Hyperthermophilic organisms require specific mechanisms inducing positive supercoiling to counteract the denaturing effect of their growth temperature (Valenti et al. 2011). Indeed, several lines of evidence suggest that DNA is more positive in (hyper)thermophilic archaea as compared with mesophiles: several plasmids from different hyperthermophilic strains were found in relaxed to positively supercoiled form (Forterre et al. 1996; Charbonnier and Forterre 1994). In addition, all hyperthermophiles invariably possess the DNA topoisomerase reverse gyrase, which is the only hyperthermophilic specific able to introduce positive supercoils in DNA (Brochier-Armanet and Forterre 2006). In addition to reverse gyrase, it is reported the presence in hyperthermophiles of DNA-binding proteins able to induce both positive and negative supercoiling (Napoli et al. 2001;Xue et al. 2000; Bell et al.2002). These evidences are bringing out a complex picture concerning the genome topology of these organisms. In addition, (hyper)thermophilic archaea belonging to the subdomain Euryarchaeota contain tetrameric eukaryoticlike histones, which wrap DNA into positive supercoils at high salt concentrations, but into negative supercoils in low salt conditions (Musgrave 1991, 2000).
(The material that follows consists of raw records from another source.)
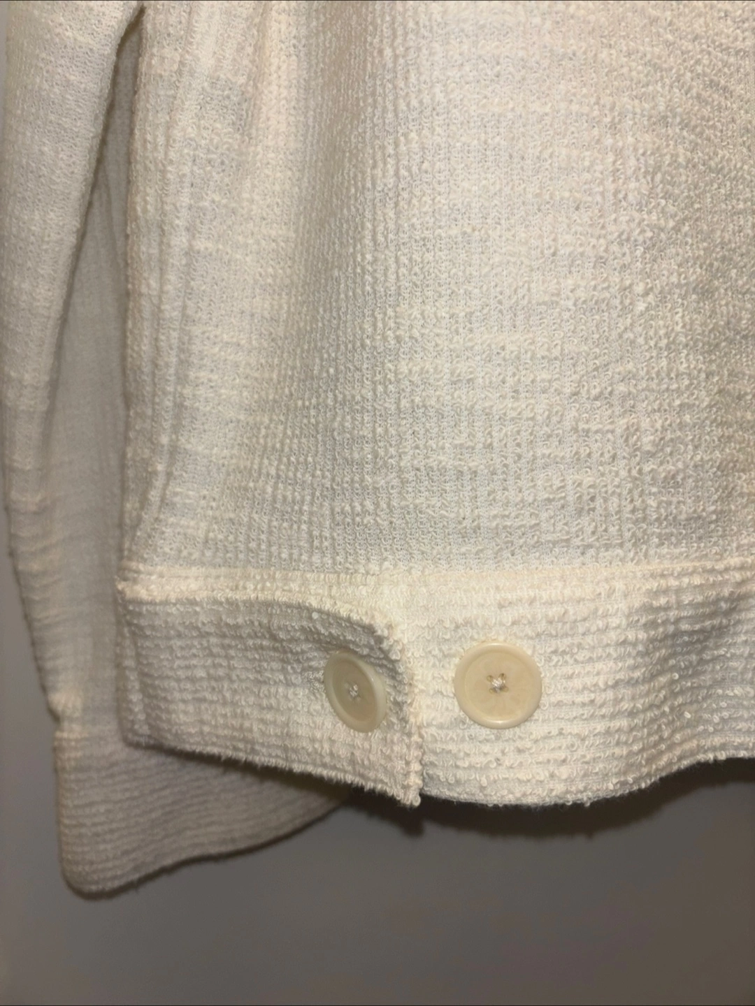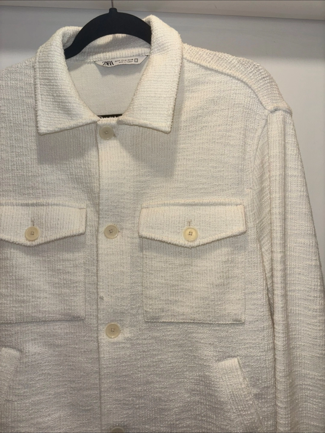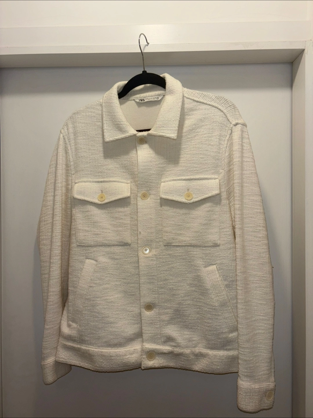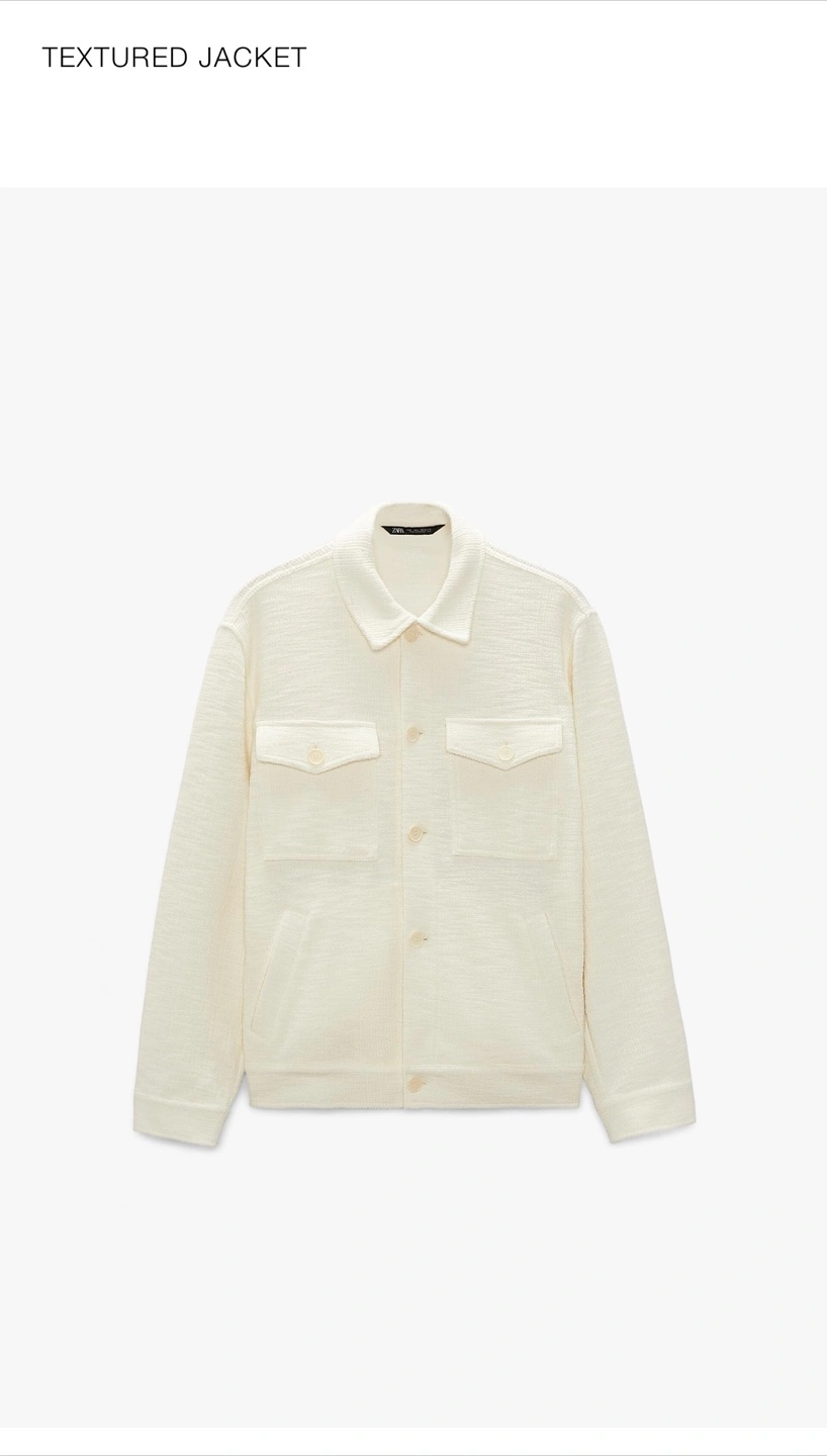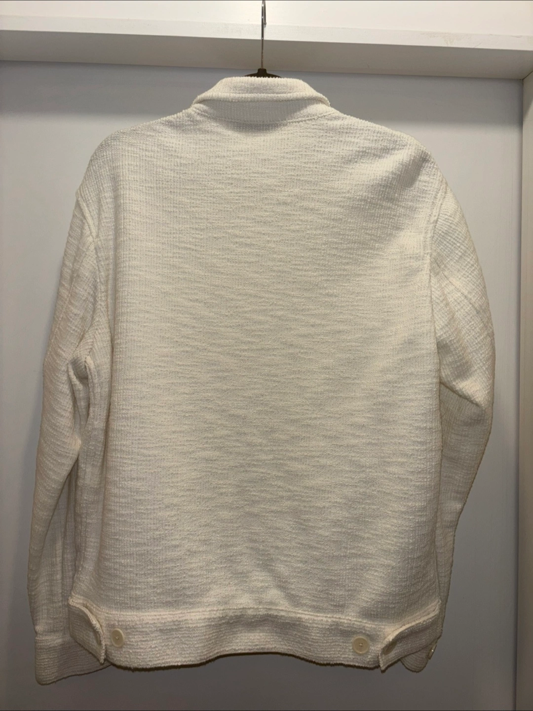 Ecru textured jacket. Features a collared neckline, button closure, and two flap pockets. Long sleeves. Made in Turkey.
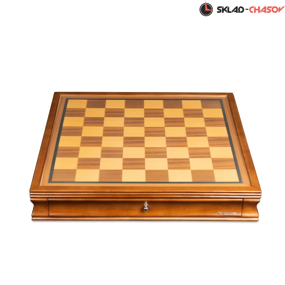 Для хранения фигур в шахматной доске есть два выдвижных ящика, выполненных внутри из приятного светлого бархата.
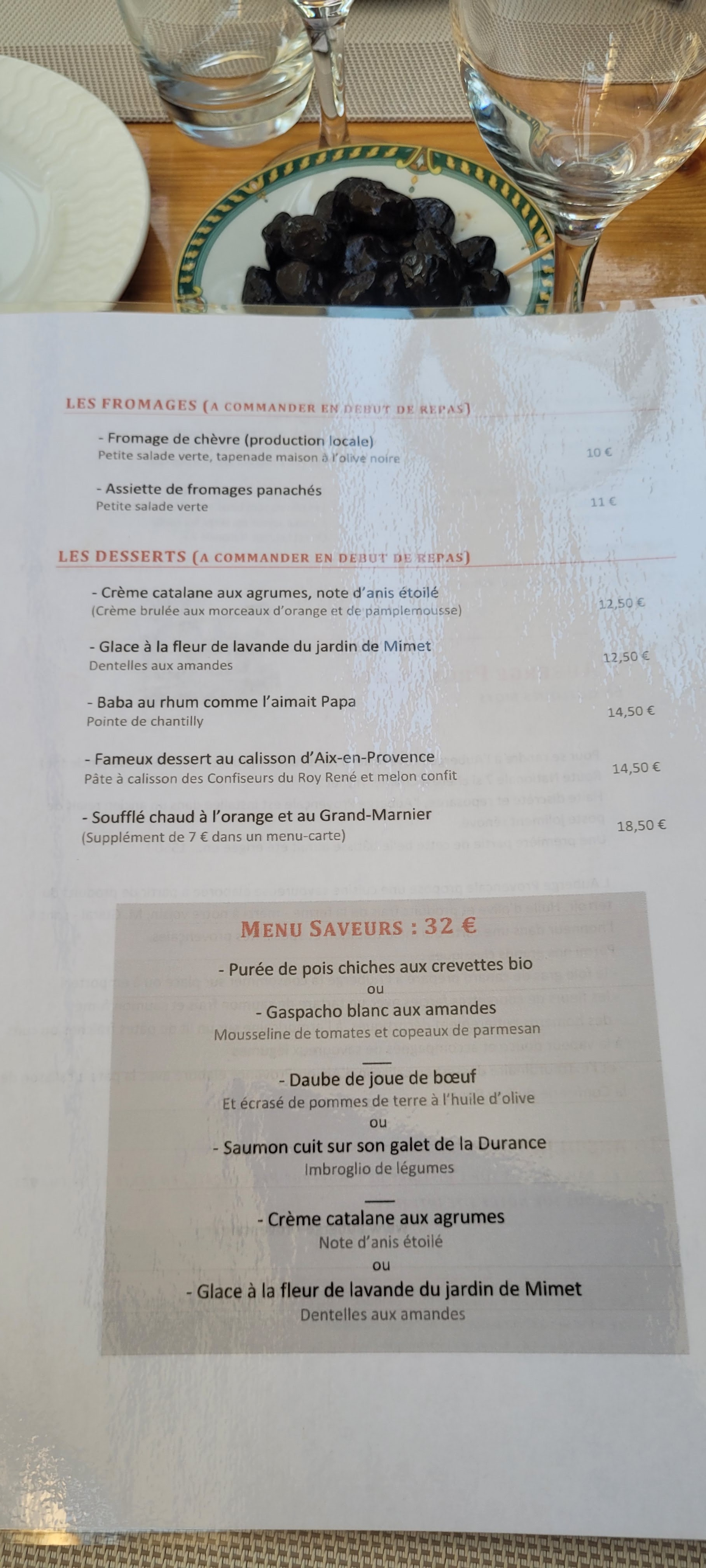 Depuis longtemps nous nous faisions une joie d'y aller. Avec des amis nous avons été déçus. Des desserts communs des plats qui ne donnent pas envie. Arrivés les premiers avec un menu à 28 euros 50 nous avons pour ainsi dire été servis les derniers pour le dessert. Le seul point positif est la carte des vins qui est précise et complète. A éviter, aller jusqu'à Saint Maximin vous ne pourrez que trouver mieux. Je ne comprends pas qu'il soit au Michelin.
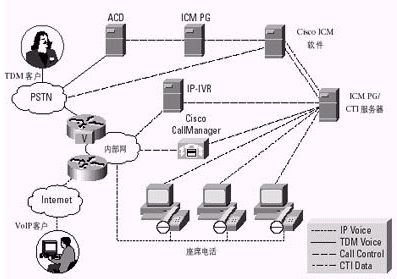 通過一個容納了ACD、IVR、Web和電子郵件服務器、桌面應用以及其他內容的計劃,Cisco ICM軟件使公司能夠利用Internet或PSTN實現與客戶的交互。
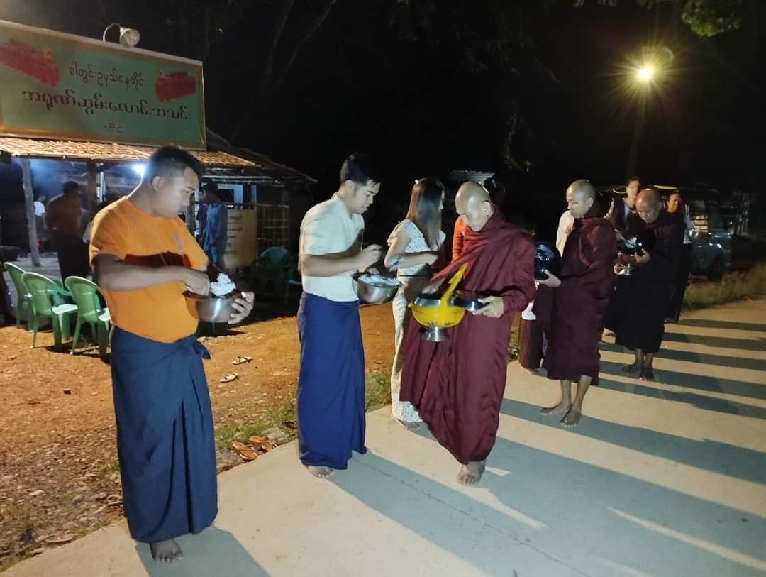 အဆိုပါ အရုဏ်ဆွမ်းအလှူတော်အား ရမ်းဗြဲမြို့နယ်၊ ကျောက်နီမော်တိုက်နယ်ဆေးရုံမှ ဒေါက်တာမင်းနိုင်ကျော် ဇနီးဒေါ်အေးမြင့်ဇံ မိသားစုတို့က ကုသိုလ်ပြု လှူဒါန်းခဲ့ခြင်းဖြစ်ပြီး ထိုသို့ အရုဏ်ဆွမ်းဆက်ကပ်လှူဒါန်းခြင်းများကို အရုဏ်ဆွမ်းလောင်းအသင်း(မအီ)မှ ဦးဆောင်ကြီးမှူး၍ ဝါတွင်းကာလ ဥပုသ်နေ့တိုင်းတွင် မအီမြို့ပေါ်နှင့် ပတ်ဝန်းကျင်ကျေးရွာ ဘုန်းတော်ကြီးကျောင်း (၂၂)ကျောင်းမှ သံဃာတော်အပါး(၇၆)ပါးတို့အား လောင်းလှူသွားမည်ဖြစ်ကြောင်း၊ ဆွမ်းချက်ရန်နှင့် အခြားကိစ္စရပ်များအတွက် မတည်ငွေကို ဆွမ်းလောင်းအသင်းသူ/အသင်းသားများက ထည့်ဝင်မတည်ငွေနှင့် ယခင်နှစ်က လက်ကျန်ရန်ပုံငွေများ၊ အလှူခံရရှိငွေများဖြင့် အသုံးပြုဆောင်ရွက်ပါကြောင်း၊ ယခင်နှစ်က အရုဏ်ဆွမ်းအလှူရှင်များကို ကျပ်(၂၅၀၀၀၀) ဖြင့် သတ်မှတ်အလှူထည့်ဝင်စေခဲ့သော်လည်း ယခုနှစ်တွင် ကျပ်(၃၀၀၀၀၀)နှုန်းဖြင့် သတ်မှတ်ထားပါကြောင်း၊ ဥပုသ်နေ့ရောက်ရှိလာတိုင်းလည်း စေတနာရှင်အလှူရှင်များက လိုအပ်သည်များကို ကဏ္ဍအလိုက် လာရောက်လှူဒါန်းကြသည်ဖြစ်၍ အရုဏ်ဆွမ်းကို လုံလောက်ပြည့်စုံစွာ လောင်းလှူနိုင်ပါကြောင်း၊ အရုဏ်ဆွမ်းလောင်းအသင်း(မအီ)အနေဖြင့် ယခုနှစ်တွင် စတုတ္ထအကြိမ်မြောက် ကုသိုလ်ပြုလောင်းလှူခြင်း ဖြစ်ပါကြောင်းတို့ကို အဆိုပါ ဆွမ်းလောင်းအသင်းကို ဦးစီးဆောင်ရွက်သူ ကိုဖြိုးဝေလင်းက ပြောကြားသည်။
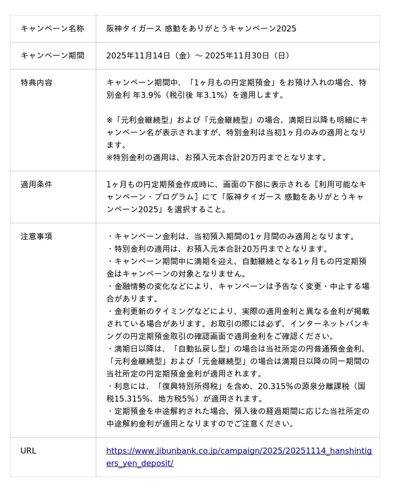 「年3.9%(税引後 年3.1%)」の特別金利は、2025年シーズンを通じて阪神タイガースが届けてくれた数々の熱戦と感動に対して “サンキュー” の気持ちを込めたものです。また、お預け入れの上限金額については、2025年9月に実施をした「阪神タイガース リーグ優勝キャンペーン2025」が開始から2週間で預入額が100億円を突破し、大変ご好評いただいたことから、本キャンペーンでは上限金額を前回の10万円から2倍の20万円に引き上げています。この機会にぜひご利用ください。
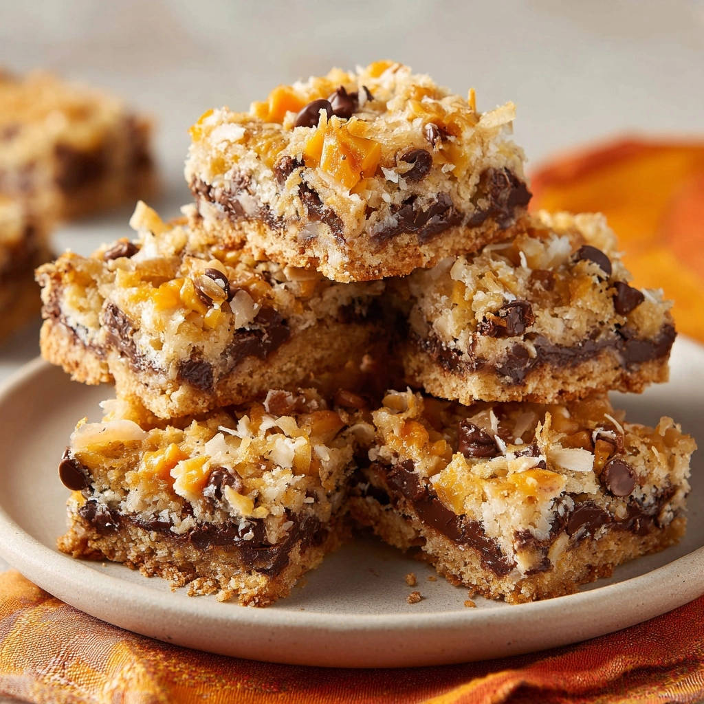- Füllung schichten: Die gezuckerte Kondensmilch gleichmäßig über den vorgebackenen Boden gießen. Anschließend die Zartbitter-Schokostückchen, Milchschokoladen-Chips, Karamell-Chips und Kokosraspel gleichmäßig darüber streuen, sodass alle Zutaten gut verteilt sind und eine schöne Schicht bilden.
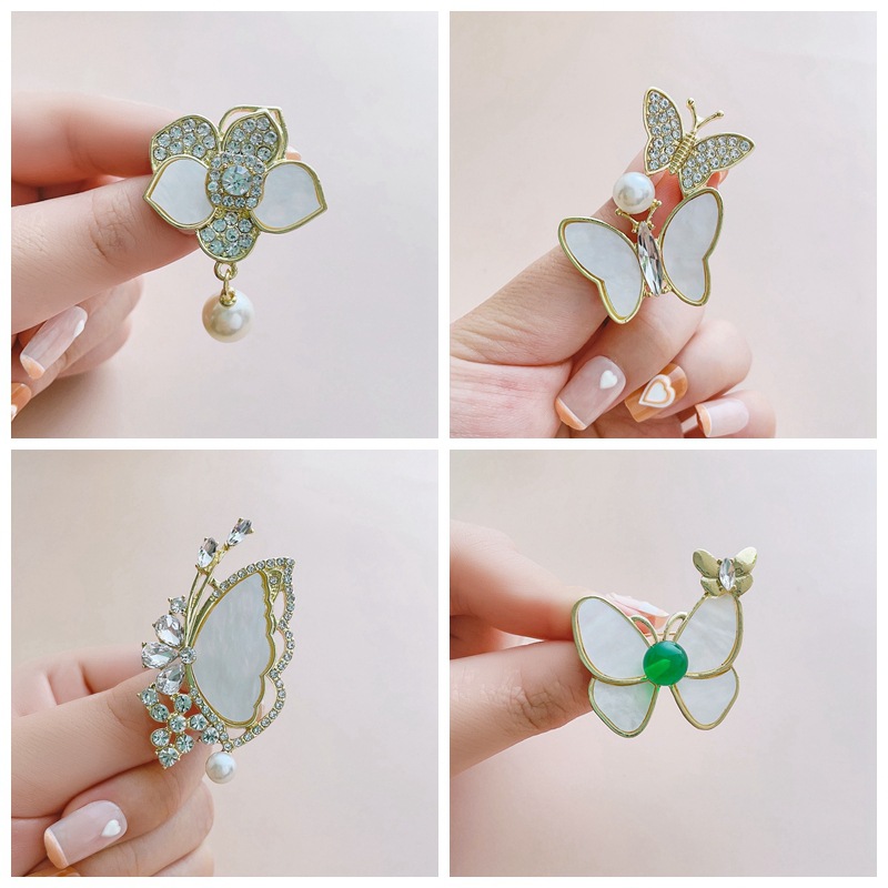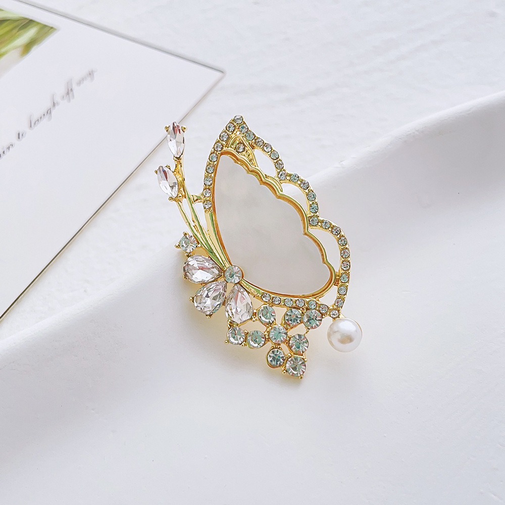 服の高級真珠のブローチの洋服のファッションの服は女性の緑色の胸の花のドリルの個性のシルクのティッシュを飾って蝶のピンを掛けます。
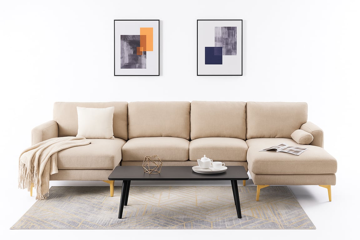 استمتع بالدفء والأناقة مع كنبة موكا الركنية، المصممة لراحة تدوم، ولمسة فاخرة من السحر الذهبي.
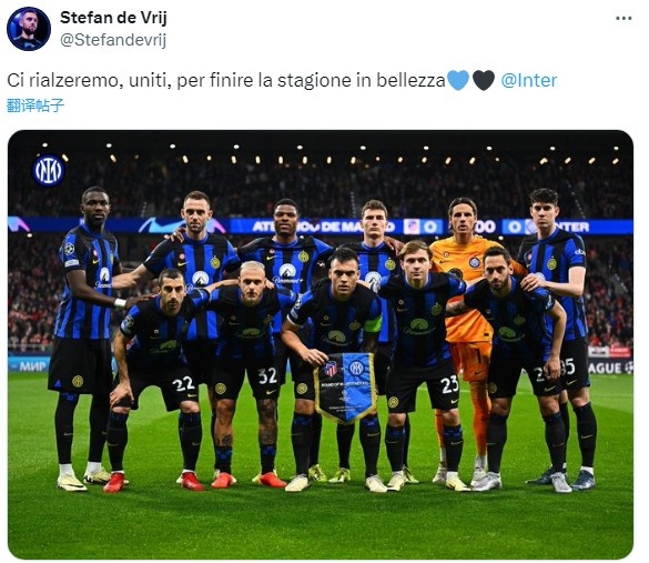 德弗里今日发文:“我们将再次崛起,团结一致,以自己的方式结束这个赛季。”
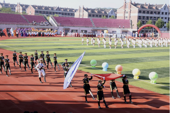 在激昂的运动员进行曲中,国旗护卫队、教工代表队及各分院代表队依次入场。各方队步伐铿锵、口号嘹亮,他们既有整齐划一的威武气势,又各具特色,带来了精彩的展演,为全场奉献了一场震撼的视觉盛宴。
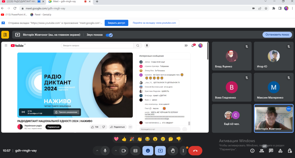 Радіодиктант національної єдності, присвячений до Дня української писемності та мови, відбувся сьогодні об 11:00 за київським часом. Брали участь у ньому і наші учні та дорослі. Всього долучилося до написвння 88 учасників. Мета радіодиктанту — об’єднати якомога більше людей навколо України в усьому світі. Він покликаний не перевіряти грамотність учасників всеукраїнського флешмобу, а написати Радіодиктант національної єдності – 2024 разом із тисячами людей по всьому світу. Суспільне Мовлення надало усі можливі формати для участі в Радіодиктанті: трансляції на радіо, телеканалі та диджитал-платформах. Трансляція Радіодиктанту пройшла на хвилях «Українського радіо» та радіо «Культура», а також в ефірі телеканалу «Суспільне Культура». Усі охочі також мали можливість слухати диктант онлайн, зокрема на YouTube-каналі «Українського радіо» та Facebook-сторінках Суспільного. І це дуже добре . Бо через технічні негаразди наш навчальний заклад використав три джерела транслювання. Цьогоріч текст диктанту підготувала письменниця Оксана Забужко, він називається «Магія голосу».Читав диктант буде поет і військовий Павло Вишебаба.

In this context the possibility to perform AFM analyses on positively supercoiled DNA at the larger scales (several tens of kilo base pairs) can give elucidation on the complex genomic situation in hyperthermophiles and can highlight the link between the nanomechanical properties of nucleoprotein complexes and the protein regulatory function as already seen for negatively supercoiled DNA.